Феня появилась в комнате как призрак — не врываясь, не объявляя о себе, а медленно, по-паучьи, просачиваясь из темноты. Кошка была серая, почти грязная, с облезлым хвостом и вечно дрожащими лапами, словно её под кожей колотил слабый, измождённый ток. Она не мяукала. Просто смотрела.
Северус с трудом её заметил. Её невозможно было увидеть — только почувствовать, как сквозняк в закрытой комнате. Она не касалась его, но за ней потянулся холод.
Когда пространство вновь сомкнулось, он стоял в своём собственном классе. Всё было как всегда: свет от зелёных ламп, гудение котлов, запахи зелья, выветрившегося пота и страха.
Ряд за рядом — ученики. Задние шепчутся, передние напряжены, как натянутые струны. Его голос — ровный, злой, как лезвие:
— Начинайте.
Котёл, стоящий перед ней, обычен. Книга открыта. Ингредиенты разложены. Всё как всегда. И он даже не глядит на неё — эту девочку. Он не помнит её имени. Не смотрит ей в глаза. Даже когда проходит мимо, бросает сухое:
— Бодяга не та.
И уходит дальше.
Она была... обычной. Тонкие плечи. Чистые ногти. Письменник аккуратный. Ответы в тетради точные. Не рвётся к лидерству, не спорит, не влюблена в Героя, не флиртует с Малфоем. Просто училась.
А он — игнорировал.
Северус смотрит сейчас на себя, в том прошлом: на то, как он проходит мимо её стола, как не замечает, что она перепутала порядок введения компонентов. Как не замечает её дрожащих рук — не от страха, а от болезни, от бессонной ночи, от того, что она осталась допоздна, исправляя чью-то работу, чтобы не подвести пару.
Он ничего не видит. Ни тогда, ни теперь, стоя в стороне. И только когда вспышка — когда от котла вырывается тонкая змейка зелёного дыма и зелье меняет цвет слишком рано — всё происходит слишком быстро.

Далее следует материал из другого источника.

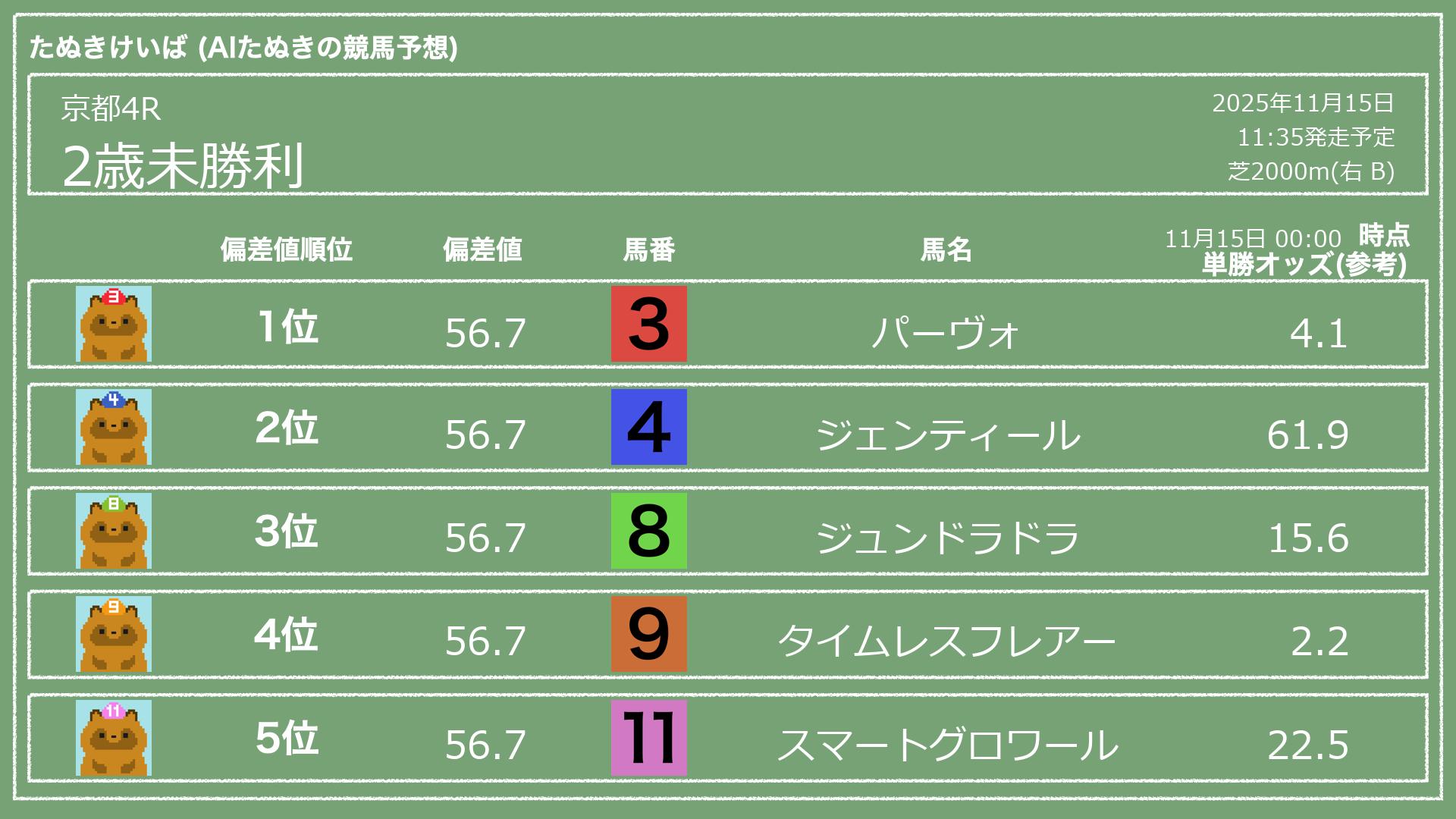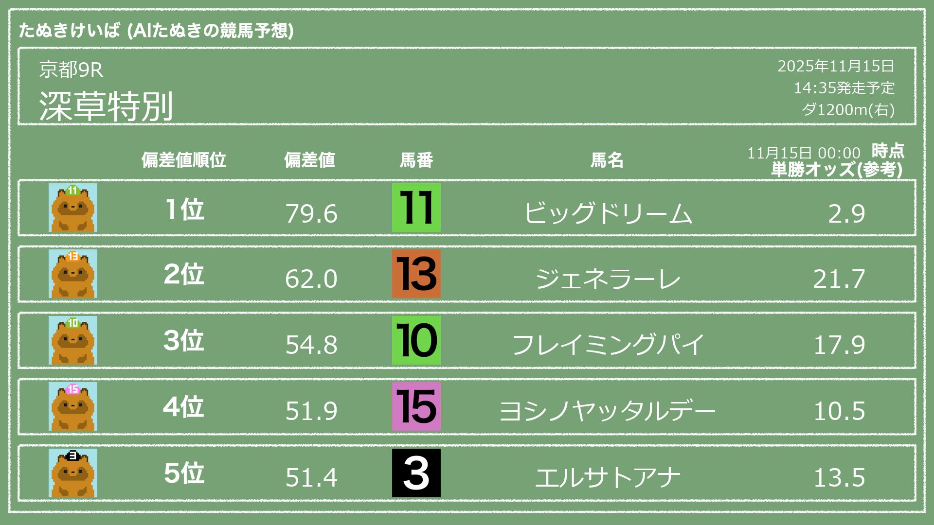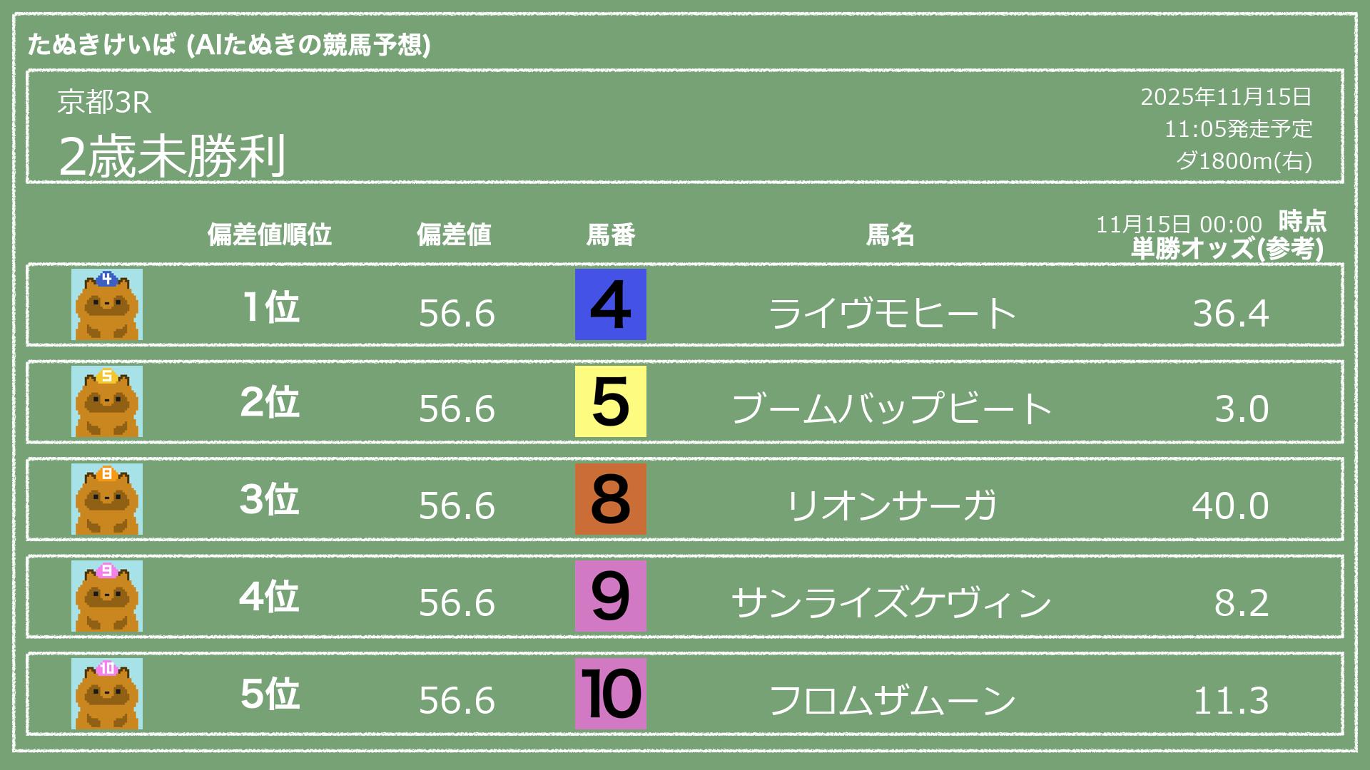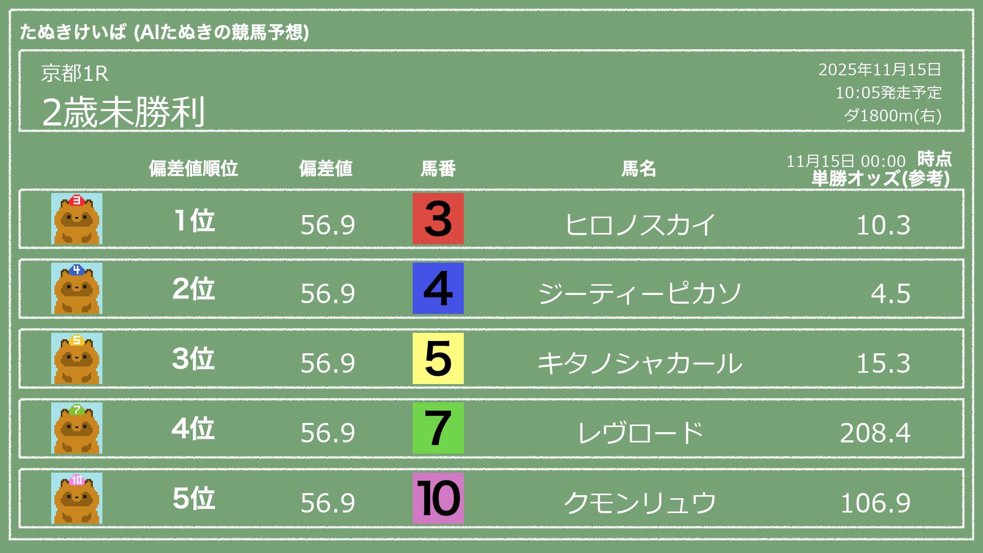 | 枠番 | 馬番 | 馬名 | 人気(予想時点) | オッズ(予想時点) | 馬券偏差値 | |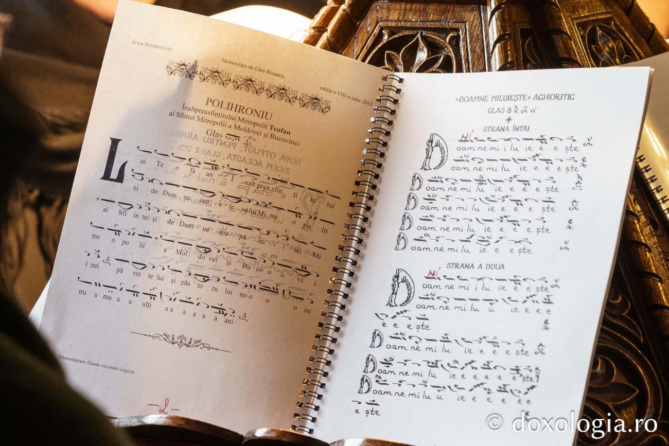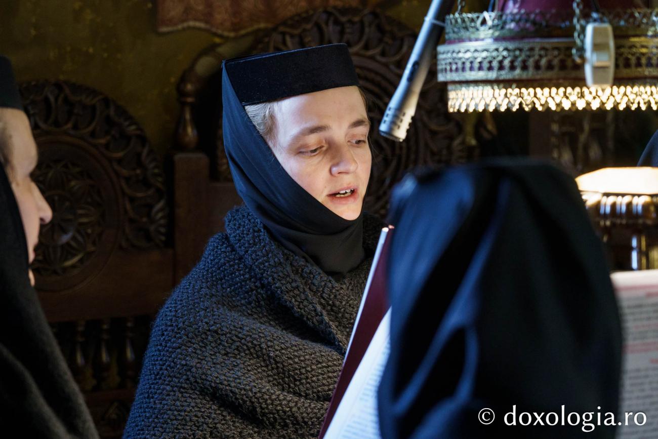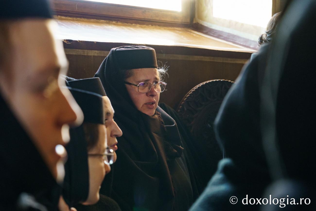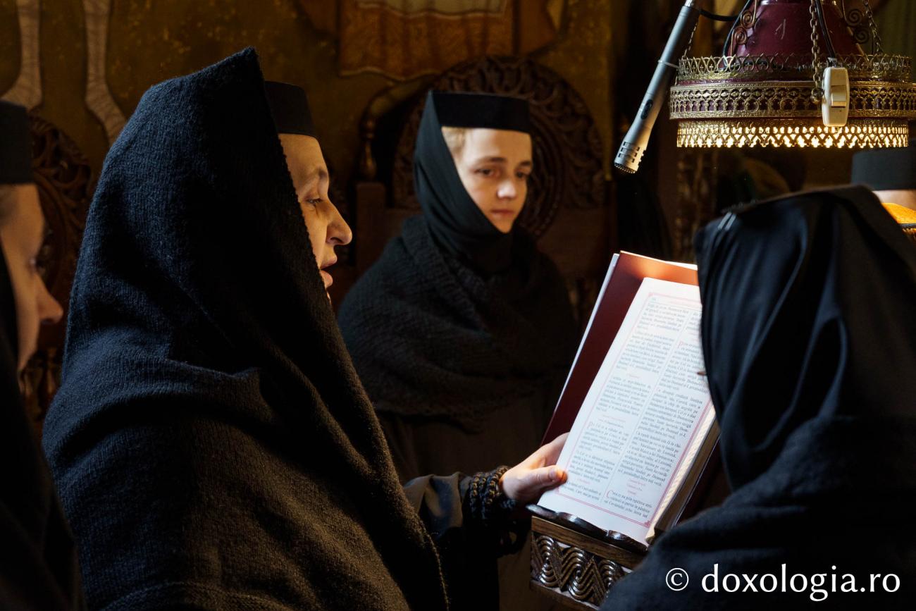 La slujba privegherii a slujit un sobor de preoți și diaconi sub protia părintelui arhimandrit Elisei Nedescu, starețul Mănăstirii „Sfinții Trei Ierarhi” din Iași, iar răspunsurile liturgice au fost date de Corul preoțesc „Apostolii” (în strana dreaptă) și, respectiv, de corul mănăstirii Copou (în strana stângă)

Девочка не кричит. Просто подаётся вперёд. Сначала — кашель. Потом — глухой стук головы о край парты. Потом — тишина. Остальные ученики столпились. Кто-то вскрикнул. Кто-то вскочил. Северус бросается — да, быстро, правильно, как всегда. Антидот. Диагностика. Магия. Спасительная, почти молотковая.
Но поздно.
Зелье вошло в кровь. Рвущая связка из двух несовместимых компонентов, активировавшаяся преждевременно — вызвала внутренний коллапс. Сердце. Печень. Всё.
Он уже тогда понимал: она мертва. Мгновенно. Без боли, но... навсегда. Он стоял над её телом. Смотрел. Молчал. И помнил — нет, не имя. Помнил цвет рукава её мантии, как серая кошачья шерсть.
Такой же незаметный.
Дамблдор пришёл позже. Бумаги заполнились. Семья получила соболезнование. Вскоре имя вымыло из памяти даже других. О ней не говорили. В отчёте было написано: несчастный случай.
Он подписал этот отчёт. Почти не дрогнув. Он сказал себе — она была невнимательна. Сказал — он предупреждал. Сказал — он не виноват.
Но Феня стоит рядом. Смотрит. Её глаза — человеческие. Не кошачьи.
И он помнит: девочка с дрожащими руками. С глазами, которые никогда не поднимались. С завёрнутым бутербродом на столе. С любовью к зельям — не за оценки, а потому, что это была магия, сотворённая своими руками.
Он не помнил её имени. Но теперь — помнил лицо.
Феня трётся о его ногу. Не как домашняя. Как призрак. Он опускает руку, но она не даётся. Только смотрит. В её взгляде — ничего, кроме одного вопроса:
— Почему?
Северус хочет сказать, что он не убивал её. Что это было случайно. Но в его горле — вязнет только правда: Он не заметил её. Он не видел Это был не яд. Не проклятие. Это была невидимость, в которую он её загнал. Он дал ей умереть не потому, что хотел — а потому, что не считал нужным помнить, что она существует.
Он опускается на колени. Впервые за много лет. Феня садится напротив, хвостом подогнув ноги. Не уходит. Просто смотрит.
И он впервые вспоминает её имя.
— Элли, — шепчет он. — Её звали Элли Брим.
Класс — тот же. Котлы — тот же шум, те же сполохи под крышками. Запахи сливаются в колючий букет: сухой шалфей, подгоревший хмель, кислота уксуса. Свет ламп падает неравномерно, образуя тени, в которых спрятаны мысли учеников, их страхи, желания, ленивая надежда на поблажку.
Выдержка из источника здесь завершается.